The streak appearance of the asteroids in Hubble photos is a result of the telescope racing around Earth as it takes long-exposure images. The rocks would typically go unnoticed in these images because they are a million times fainter than the faintest stars, but the streaks are more noticeable and allow astronomers to gain insights about their relative size and orbital characteristics.

“We were surprised to see such a large number of candidate objects,” study lead author Pablo García-Martín, a researcher at the Autonomous University of Madrid in Spain, said in a statement.

More than 11,000 citizen scientists have been reviewing images of the streaks since 2019 in a project known as Hubble Asteroid Hunter (HAH). Empowering citizen scientists in this way has helped astronomers who would otherwise have to comb through all of these images themselves.

For this study, researchers gave HAH members a group of Hubble images to review and then used those results to train an AI model to detect space rocks in the same manner. The AI model reviewed 37,000 Hubble images taken over a 19-year period and identified 1,701 candidates, with 1,031 that hadn’t been spotted before.
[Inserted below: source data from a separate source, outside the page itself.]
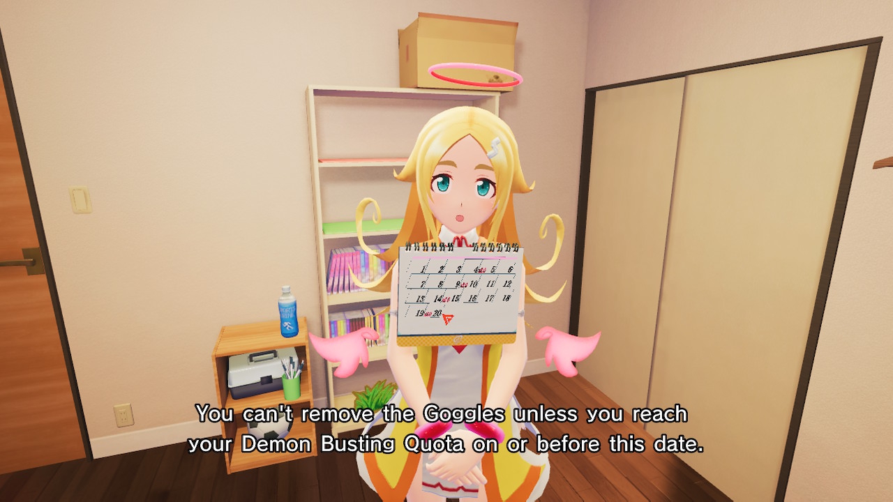 Besser rettet man sich da schon eher mit ein paar Upgrades, die ihr nach Abschluss bestimmter Missionen erhaltet. So kann euer Anti-Teufelchen-Staubsauger im aufgeladenen Zustand dann auch gleich die Kleidung der Mädchen bis auf die Unterwäsche reduzieren – mit der Schamesröte im Gesicht lassen sie dann natürlich von euch ab, Punkte gibt es für dererlei Aktionen jedoch nicht. Und die Punkte werden immerhin für den Spielabschluss gebraucht! Wobei das weitaus nachdrängender klingt, als es tatsächlich ist. So gibt euch das Spiel zwar 20 Ingame-Tage mit jeweils zwei Aufträgen Zeit, um euer nicht näher definiertes Punkte-Ziel zu erreichen und eines der Enden freizuschalten, doch einerseits ist das mehr als genug Zeit und andererseits könnt ihr im New Game+ eure Punktzahl sowie vorher freigeschaltete Upgrades in eine neue Runde übernehmen.
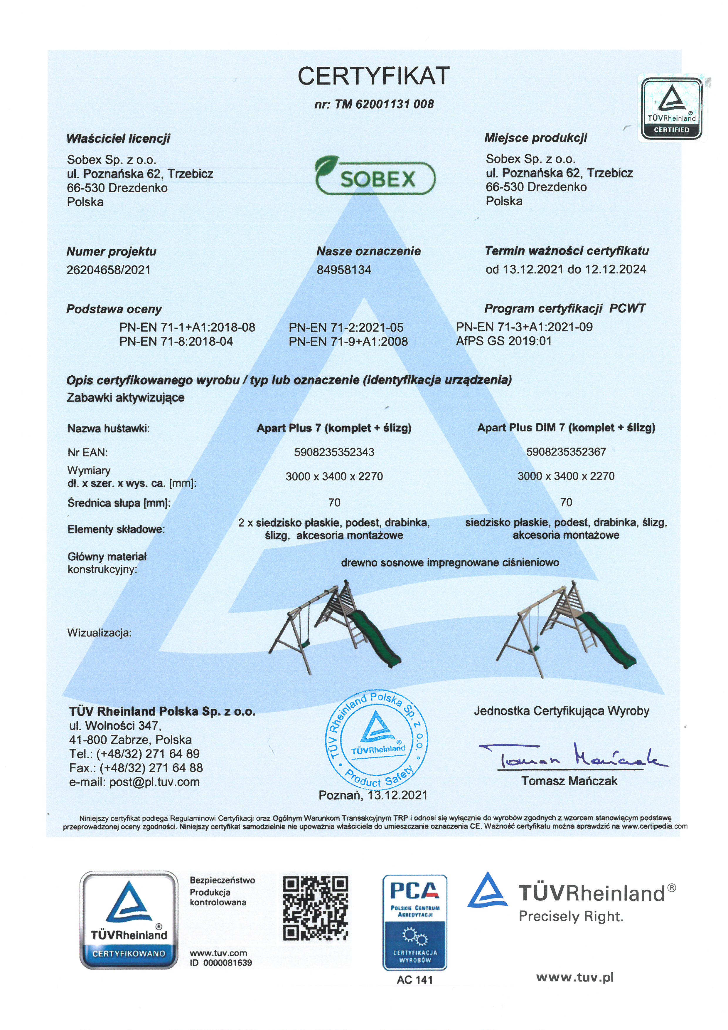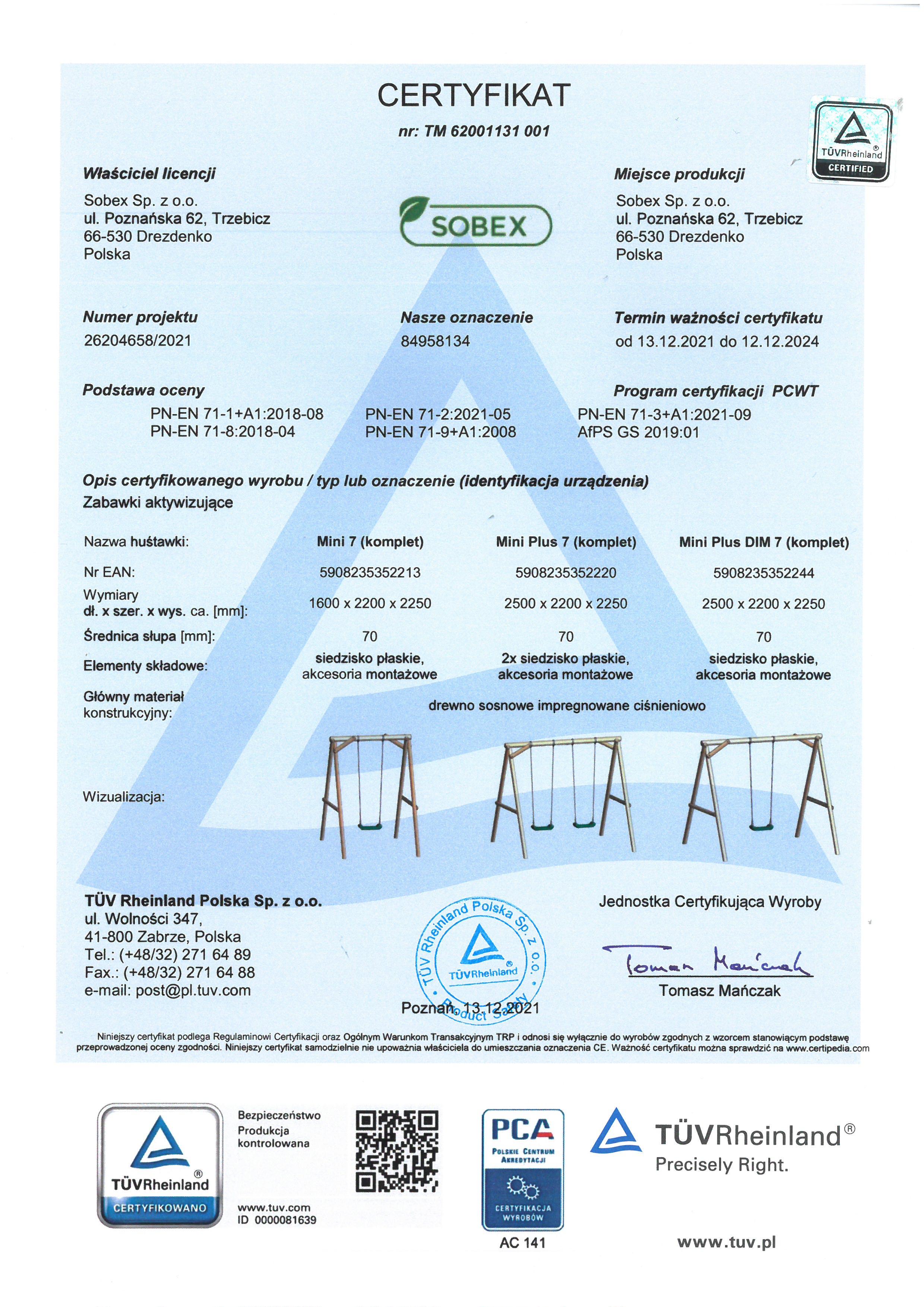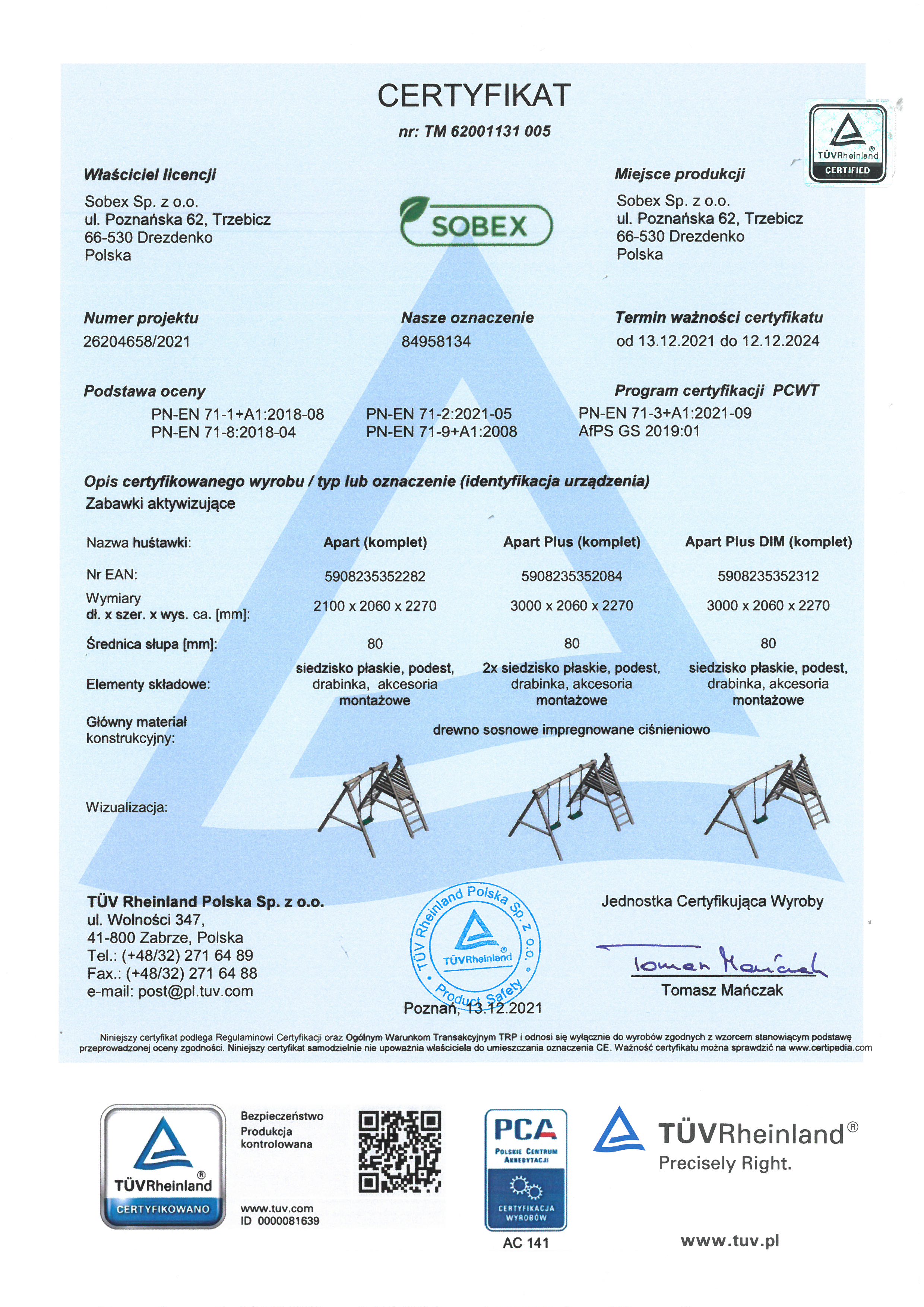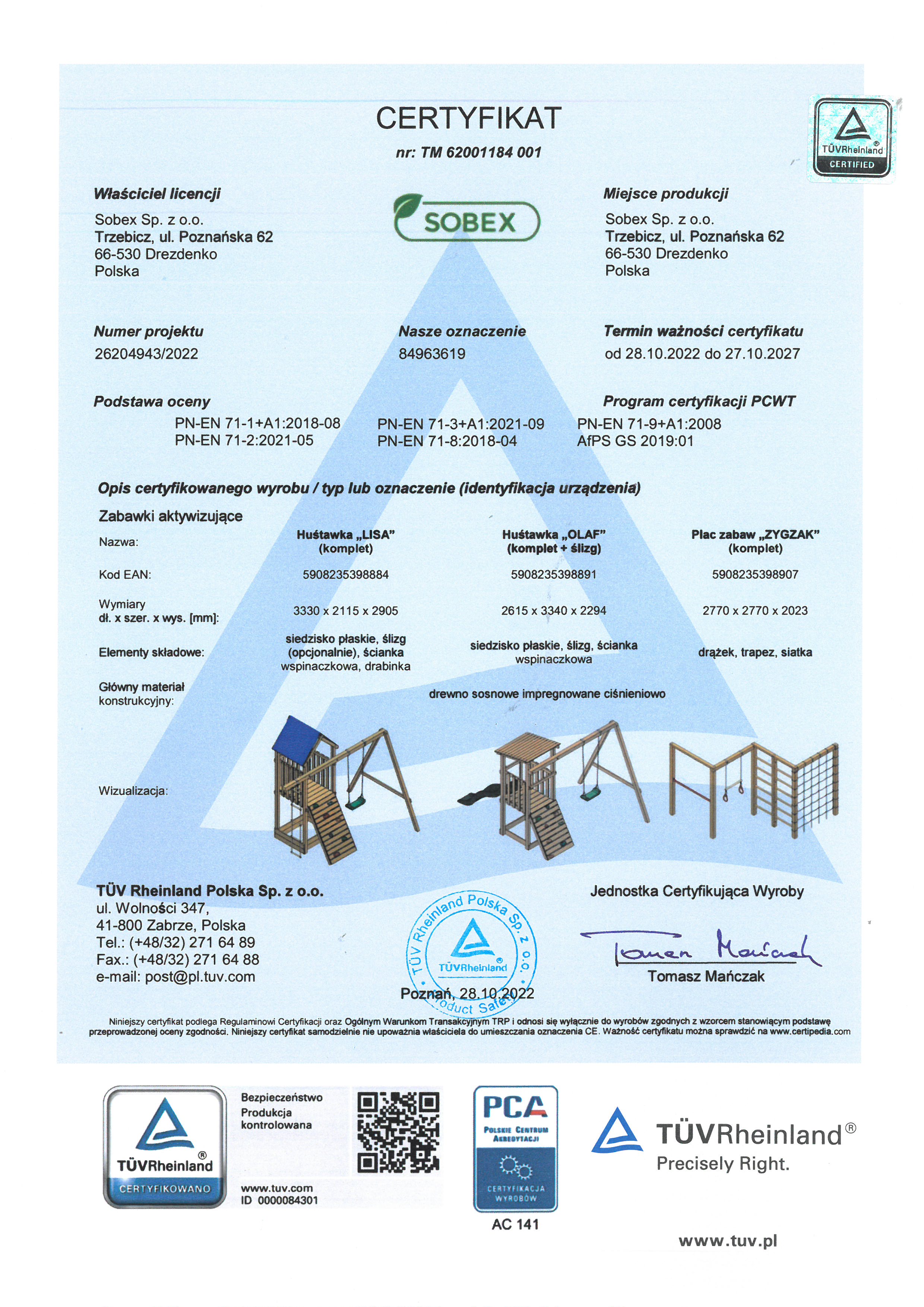 Certyfikat TUV HUŚTAWKI ADAŚ
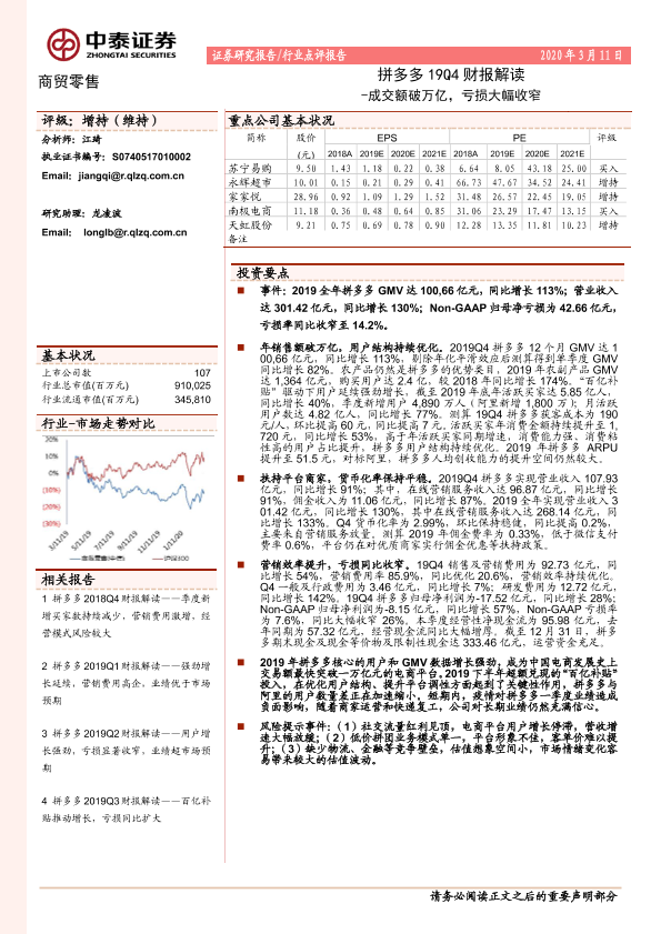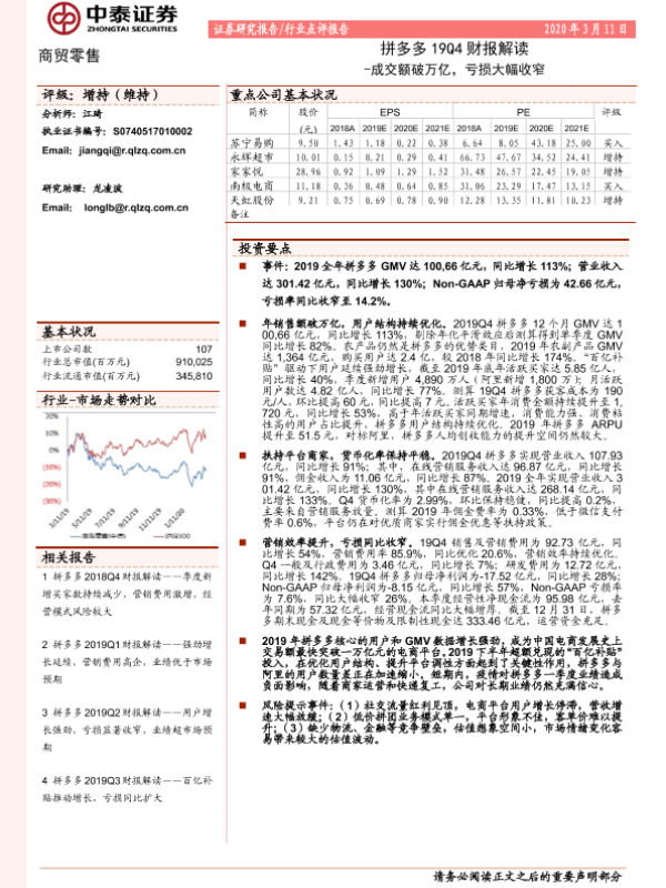 【中泰证券】【20200311】拼多多19Q4财报解读-成交额破万亿,亏损大幅收窄-5页

Not only are the asteroids themselves an exciting find, but their location is also noteworthy as it suggests that most of them belong to a single population within the asteroid belt. This supports the idea that the asteroids are fragments of larger asteroids that have collided and broken apart over billions of years.

“There was some hint that this population existed, but now we are confirming it,” García-Martín said. “This is important for providing insights into the evolutionary models of our solar system.”

Given how well the AI was able to identify the asteroids, astronomers are hoping to use similar methods to search through different types of archival datasets and discover more hidden space objects.